Pablo estimates that you will need 1000 hours of input to be conversational in Spanish (based on being an English speaker), and 1500 hours to be essentially fluent. I decided to set a goal of 20 hours/month, which would put me at conversational in a little over 4 years and fully fluent in a little over 6 years. I decided to start September 1st, 2021, though I had already watched 40 hours during my investigation period. Here’s how I’m doing so far:
So far I have met or exceeded my goal every month. I started out 42 hours ahead of schedule, and now I am 64 hours ahead of where I thought I’d be. My new goal is to get to Level 4 by the one year mark, which I will meet if I continue to hit 20 hours/month.
More important than just the numbers however, I would say my progress is tracking with Pablo’s estimates. At level 3 (my current level) he estimates I should be able to understand topics adapted for learners, which I can. By level 4 (300 hours) I should be able to understand patient native speakers. At Level 5 (600 hours) I should be able to understand full speed native speakers, and a lot of media will be easier to use for learning.

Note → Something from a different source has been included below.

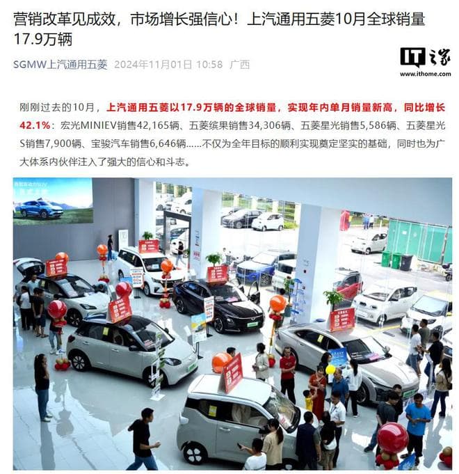 IT之家 11 月 1 日消息,上汽通用五菱今日宣布,2024 年 10 月达成 17.9 万辆的全球销量,实现年内单月销量新高,同比增长 42.1%。

Also important, the amount of time I spend on this has actually gone up in the last 6 months, which proves this method is engaging, at least for me! Here are my hours/month since I started, not counting the hours I put in before I decided to go with this method:
Interestingly, the jump in hours approximately correlates with hitting the first intermediate level, where I could watch faster videos with fewer drawings/hints for words. I did notice I was more excited to watch the more I felt myself improving in comprehension, which explains why February (one of the shortest months) was my highest number of hours to date.
I won’t pretend I understand all the linguistic debates over whether or not this method is truly superior, but I do have to think that having students get excited over their learning method is a key marker of success. I will never learn Spanish the way I want if I give up after a year, so any method that gets more exciting over time is a plus.